** RECORDS FOR THIS TASK follows **

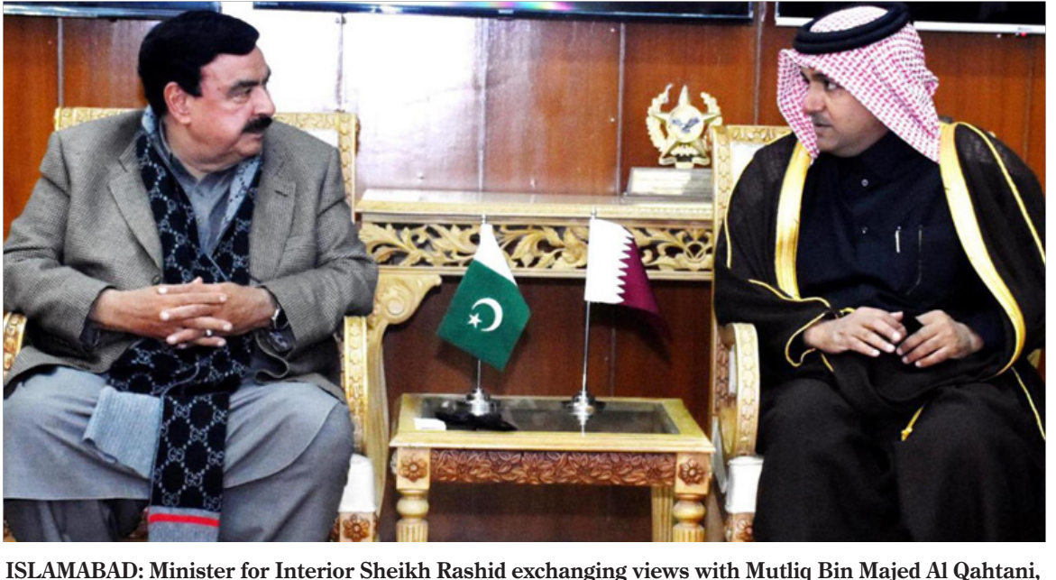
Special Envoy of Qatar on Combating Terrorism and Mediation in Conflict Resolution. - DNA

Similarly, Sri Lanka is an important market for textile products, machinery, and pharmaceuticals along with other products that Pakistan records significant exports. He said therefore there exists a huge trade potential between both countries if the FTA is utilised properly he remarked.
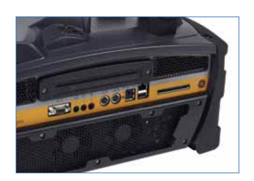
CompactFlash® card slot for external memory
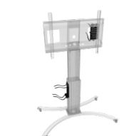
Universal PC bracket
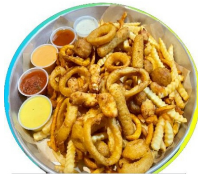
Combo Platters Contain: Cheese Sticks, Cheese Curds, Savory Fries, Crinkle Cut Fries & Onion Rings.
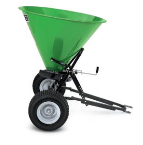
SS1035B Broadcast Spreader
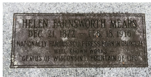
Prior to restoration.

** End of RECORDS FOR THIS TASK **
** RECORDS FOR THIS TASK follows **

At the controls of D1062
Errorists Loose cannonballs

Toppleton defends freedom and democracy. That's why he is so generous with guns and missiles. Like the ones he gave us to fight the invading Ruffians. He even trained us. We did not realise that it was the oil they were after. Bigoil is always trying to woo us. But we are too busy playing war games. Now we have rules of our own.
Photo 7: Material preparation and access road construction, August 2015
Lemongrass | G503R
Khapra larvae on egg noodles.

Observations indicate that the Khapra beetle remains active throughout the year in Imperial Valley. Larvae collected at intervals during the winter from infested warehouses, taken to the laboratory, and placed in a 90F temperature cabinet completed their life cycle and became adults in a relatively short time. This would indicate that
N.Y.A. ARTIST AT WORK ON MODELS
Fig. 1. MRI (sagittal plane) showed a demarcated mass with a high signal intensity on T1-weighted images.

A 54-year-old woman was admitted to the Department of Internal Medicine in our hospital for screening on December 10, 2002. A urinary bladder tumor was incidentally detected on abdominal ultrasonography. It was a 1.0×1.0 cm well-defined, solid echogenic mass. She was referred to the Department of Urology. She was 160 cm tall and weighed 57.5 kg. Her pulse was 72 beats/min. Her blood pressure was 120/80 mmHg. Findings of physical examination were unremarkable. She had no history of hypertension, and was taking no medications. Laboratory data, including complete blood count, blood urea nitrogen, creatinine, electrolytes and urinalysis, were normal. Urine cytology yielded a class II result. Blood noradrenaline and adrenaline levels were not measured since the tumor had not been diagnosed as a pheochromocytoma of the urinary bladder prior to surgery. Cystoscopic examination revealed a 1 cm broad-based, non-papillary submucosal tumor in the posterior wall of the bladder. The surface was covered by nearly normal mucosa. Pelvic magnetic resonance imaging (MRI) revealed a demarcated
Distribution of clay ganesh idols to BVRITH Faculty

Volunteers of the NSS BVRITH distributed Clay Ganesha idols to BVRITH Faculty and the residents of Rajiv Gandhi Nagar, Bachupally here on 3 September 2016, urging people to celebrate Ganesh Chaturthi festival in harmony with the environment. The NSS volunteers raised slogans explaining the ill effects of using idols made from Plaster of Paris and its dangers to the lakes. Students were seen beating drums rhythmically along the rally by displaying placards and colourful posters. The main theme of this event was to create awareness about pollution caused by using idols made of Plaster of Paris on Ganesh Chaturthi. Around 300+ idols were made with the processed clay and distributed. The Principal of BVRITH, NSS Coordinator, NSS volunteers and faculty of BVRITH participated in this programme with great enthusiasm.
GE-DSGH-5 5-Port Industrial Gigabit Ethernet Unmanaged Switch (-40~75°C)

** End of RECORDS FOR THIS TASK **
** RECORDS FOR THIS TASK follows **

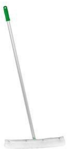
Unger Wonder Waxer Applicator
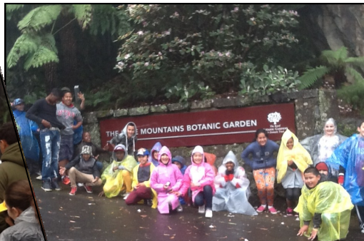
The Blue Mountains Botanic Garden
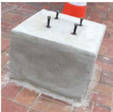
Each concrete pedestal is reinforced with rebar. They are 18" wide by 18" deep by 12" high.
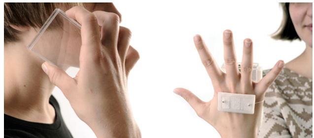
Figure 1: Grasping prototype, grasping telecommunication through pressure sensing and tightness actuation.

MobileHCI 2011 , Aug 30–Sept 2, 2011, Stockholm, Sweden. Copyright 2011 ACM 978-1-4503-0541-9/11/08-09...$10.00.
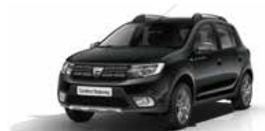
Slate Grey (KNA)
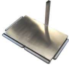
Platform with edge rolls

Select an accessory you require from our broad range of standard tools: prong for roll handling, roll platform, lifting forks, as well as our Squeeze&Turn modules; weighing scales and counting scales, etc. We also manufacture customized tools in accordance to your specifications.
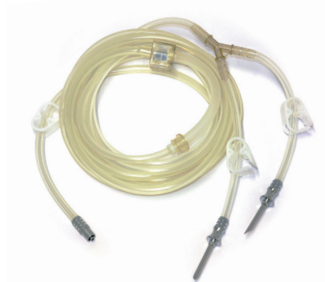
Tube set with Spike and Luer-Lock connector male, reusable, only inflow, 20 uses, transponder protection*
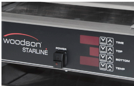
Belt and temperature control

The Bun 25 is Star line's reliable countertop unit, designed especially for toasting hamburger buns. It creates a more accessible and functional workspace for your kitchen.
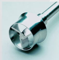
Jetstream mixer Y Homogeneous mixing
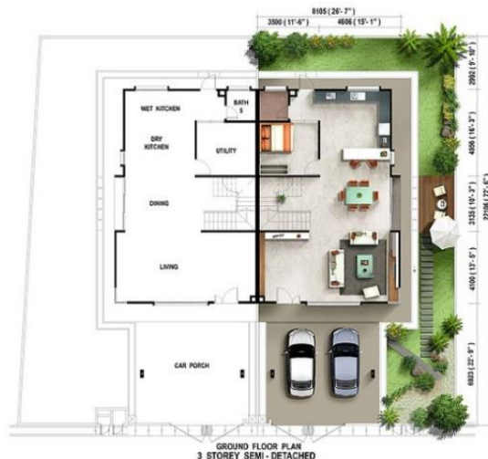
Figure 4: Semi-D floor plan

** End of RECORDS FOR THIS TASK **

### [TASK TO COMPLETE]
Please give again the lines above between the line holding "N.Y.A. ARTIST AT WORK ON MODELS" and the line holding "Fig. 1. MRI", inclusive, exactly as they are and with nothing added.

### [RESPONSE TO THIS EXERCISE]
N.Y.A. ARTIST AT WORK ON MODELS
Fig. 1. MRI (sagittal plane) showed a demarcated mass with a high signal intensity on T1-weighted images.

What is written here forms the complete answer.